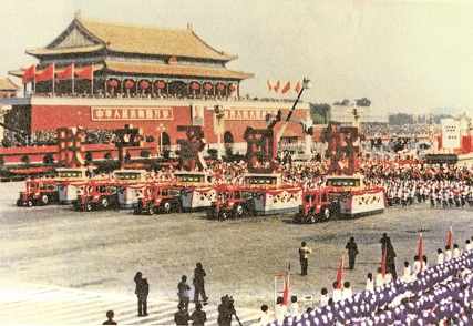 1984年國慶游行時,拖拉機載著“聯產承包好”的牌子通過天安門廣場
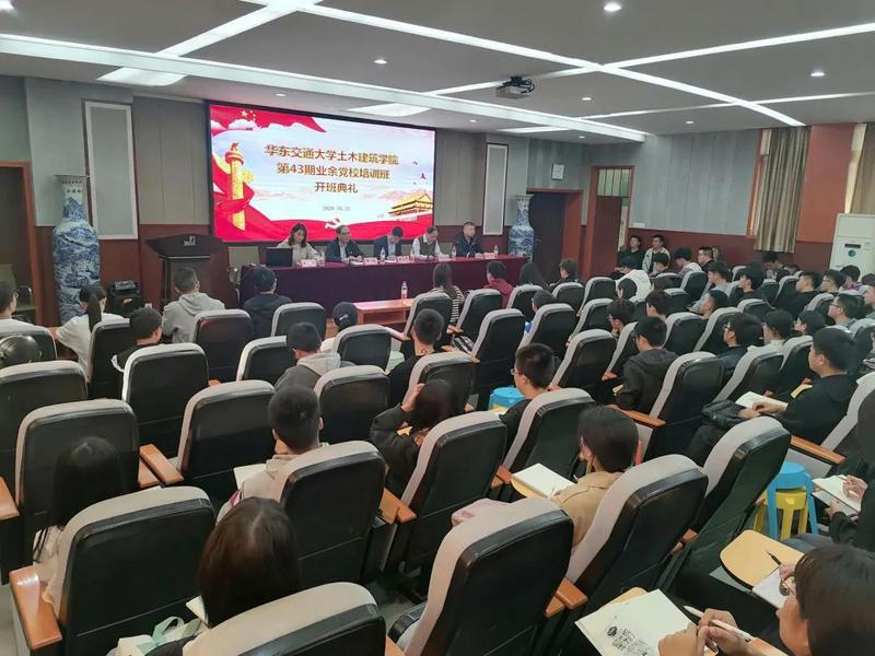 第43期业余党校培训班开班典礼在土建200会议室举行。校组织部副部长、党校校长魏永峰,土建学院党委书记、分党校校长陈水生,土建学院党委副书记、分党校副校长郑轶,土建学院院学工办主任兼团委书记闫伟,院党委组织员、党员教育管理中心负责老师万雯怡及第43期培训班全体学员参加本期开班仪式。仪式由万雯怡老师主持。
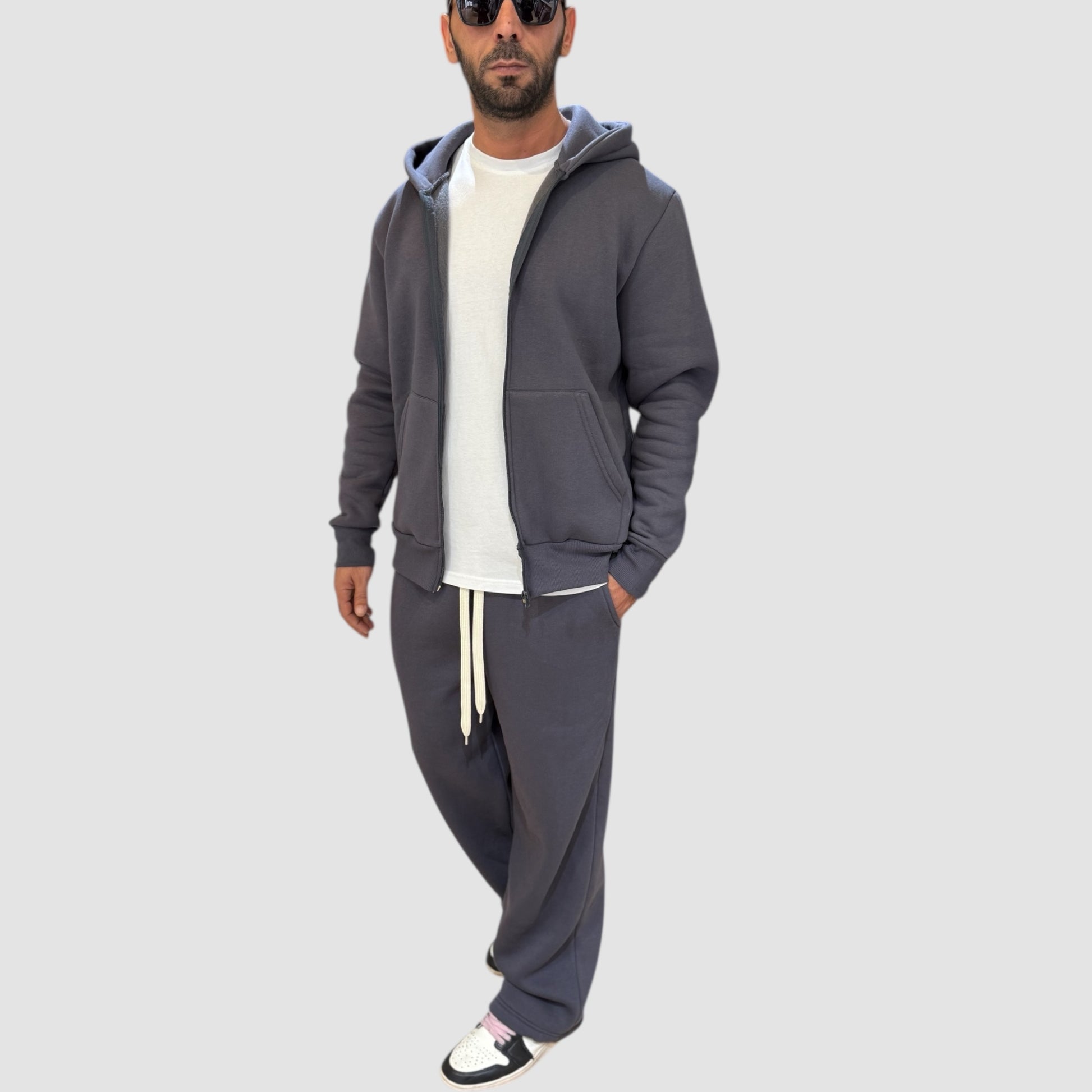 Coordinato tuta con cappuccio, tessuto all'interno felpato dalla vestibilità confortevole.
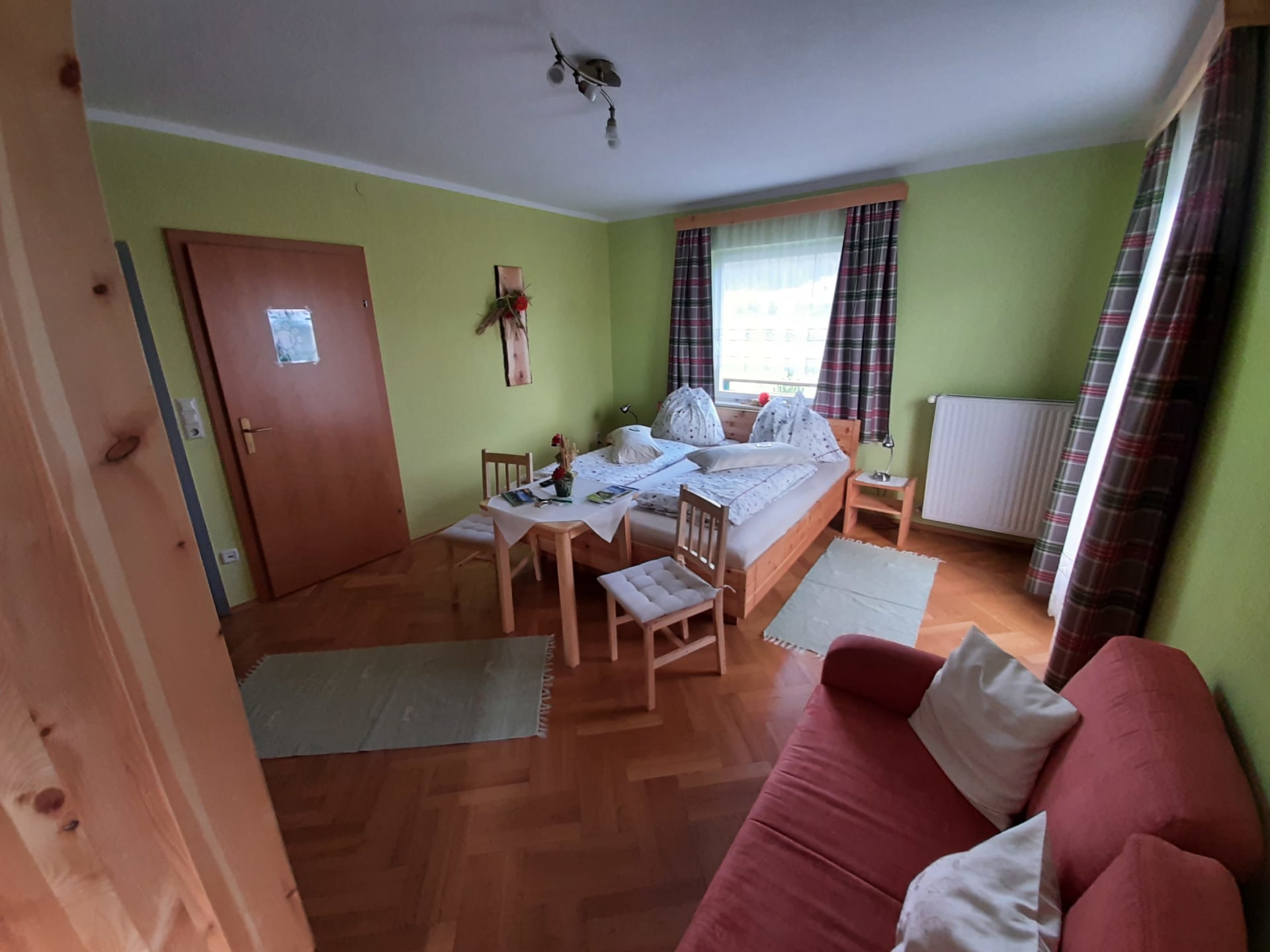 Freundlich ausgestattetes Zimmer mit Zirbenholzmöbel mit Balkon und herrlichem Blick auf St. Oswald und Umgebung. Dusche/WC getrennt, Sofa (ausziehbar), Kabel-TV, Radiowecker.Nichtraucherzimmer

━━━━━━━━━━━━━━━━━━━━━━━━━━━━━━

→ **WHAT YOU HAVE TO DO**
All of the listing is to be written out exactly, with the pictures left out.

→ **EXERCISE RESULT**
 1984年國慶游行時,拖拉機載著“聯產承包好”的牌子通過天安門廣場
 第43期业余党校培训班开班典礼在土建200会议室举行。校组织部副部长、党校校长魏永峰,土建学院党委书记、分党校校长陈水生,土建学院党委副书记、分党校副校长郑轶,土建学院院学工办主任兼团委书记闫伟,院党委组织员、党员教育管理中心负责老师万雯怡及第43期培训班全体学员参加本期开班仪式。仪式由万雯怡老师主持。
 Coordinato tuta con cappuccio, tessuto all'interno felpato dalla vestibilità confortevole.
 Freundlich ausgestattetes Zimmer mit Zirbenholzmöbel mit Balkon und herrlichem Blick auf St. Oswald und Umgebung. Dusche/WC getrennt, Sofa (ausziehbar), Kabel-TV, Radiowecker.Nichtraucherzimmer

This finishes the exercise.